# Transportation blocks?



## AlexA (Mar 5, 2011)

Hi,

Ever since picking up my mk3 back in February the one thing that's been nagging me is how high the car sits compared to the mk2 even with the lowered S-Line suspension. After reading about dealers not removing transportation blocks I checked my car this evening and this is how the rear looked. Does anyone know whether the purple plastic thing is supposed to be there or if it is indeed a block/puck?









Thanks!

Alex


----------



## brittan (May 18, 2007)

They look like transport blocks to me. My RS does not have them.

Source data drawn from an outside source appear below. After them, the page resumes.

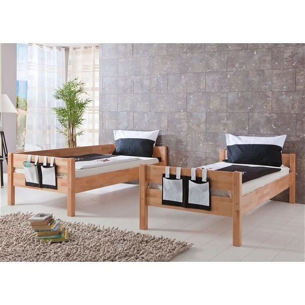 Das Relita STEFAN Etagenbett ist ein Qualitätsbett aus Massivholz zu einem erschwinglichen Preis. Die schräge Leiter mit Grifflöchern kann wahlweise links oder rechts montiert werden und die umlaufende Absturzsicherung schützt vor dem Herausfallen. Das Etagenbett kann zu zwei Einzelbetten umgebaut werden, zwei Rolllattenroste sind im Lieferumfang enthalten. Dank zahlreichem Zubehör in verschiedenen Farben kann das Relita STEFAN Etagenbett individuell ausgestattet werden.
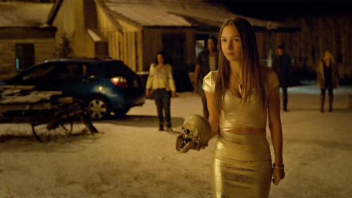 While Doc fends off the zombified gang, Waverly takes the skull and sneaks outside to confront the Stone Witch. The Stone Witch tells her that Wyatt killed her sons but that they did not rise because they were not human...say WHAT? When the Stone Witch threatens to take the skull from Waverly alive or dead, the younger Earp sister hurls the noggin against a sidewall, and it shatters to pieces. The Stone Witch is understandably peeved. She works her weird magic, and sends Waverly flying against the barn door. And she might have killed her if Doc and Wynonna didn't show up, and scare her off. Doc shoots at her and grazes her arm and then he notices that somehow he's now bleeding too from the same arm. How curious. Something tells us the Witch will be back, and maybe she'll be driving the newest model Cadillac.
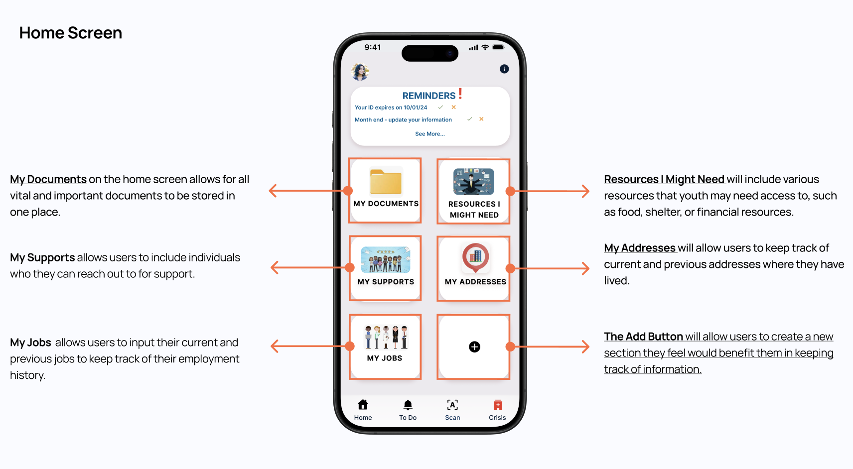 Furthermore, as youth turn 18, they are responsible - in most situations - for keeping track of vital information such as their ID, birth certificate, and social security card. Youth have a difficult time keeping track of their information, and I wanted to find a way to make this process less challenging.
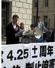 ![]() 欧洲法轮功之友副主席约翰•迪在集会上发言 |
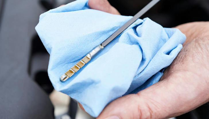 Correct Incorrect A dipstick is the most common tool used to check the oil level. It ensures the engine has the correct amount of oil for optimal performance.
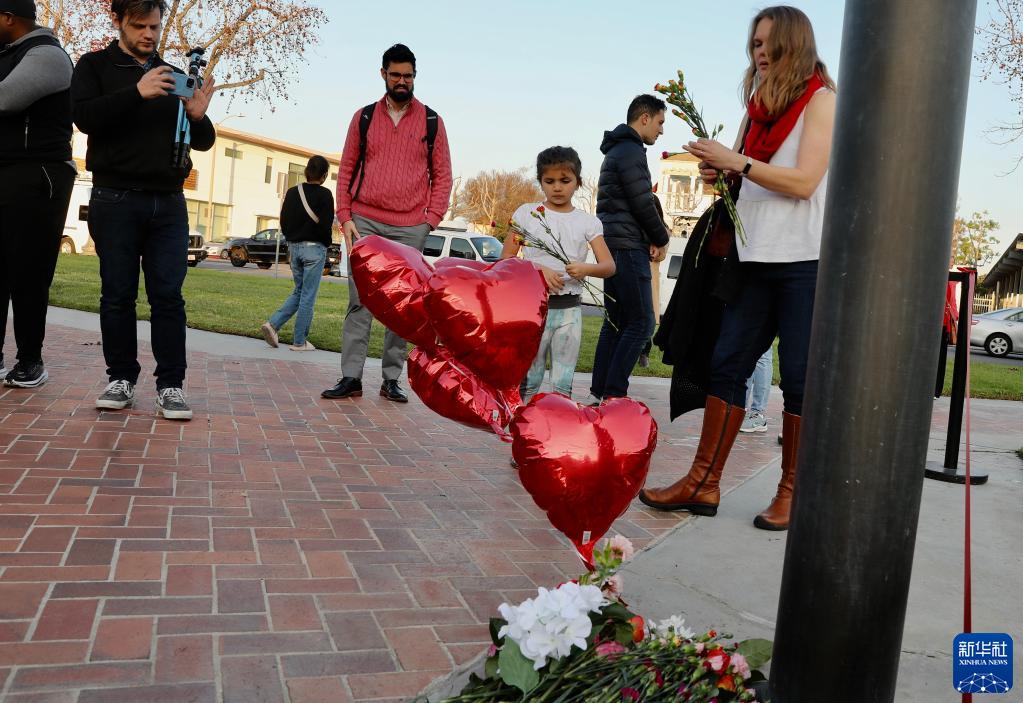 1月22日,人們在美國加利福尼亞州蒙特雷帕克市政廳前對槍擊案遇難者表示哀悼。

No similar item shown in the parts list. On mine the orange rubber bump stop fits into the aluminium top mount.


----------



## AlexA (Mar 5, 2011)

brittan said:


> They look like transport blocks to me. My RS does not have them.
> 
> No similar item shown in the parts list. On mine the orange rubber bump stop fits into the aluminium top mount.


That's good to know, thanks! The car is going in to a dealer on Friday for an oil change so I'll probably ask them to look at this as well.


----------



## powerplay (Feb 8, 2008)

Whatever happened to the PDI checklist?!


----------



## ZephyR2 (Feb 20, 2013)

powerplay said:


> Whatever happened to the PDI checklist?!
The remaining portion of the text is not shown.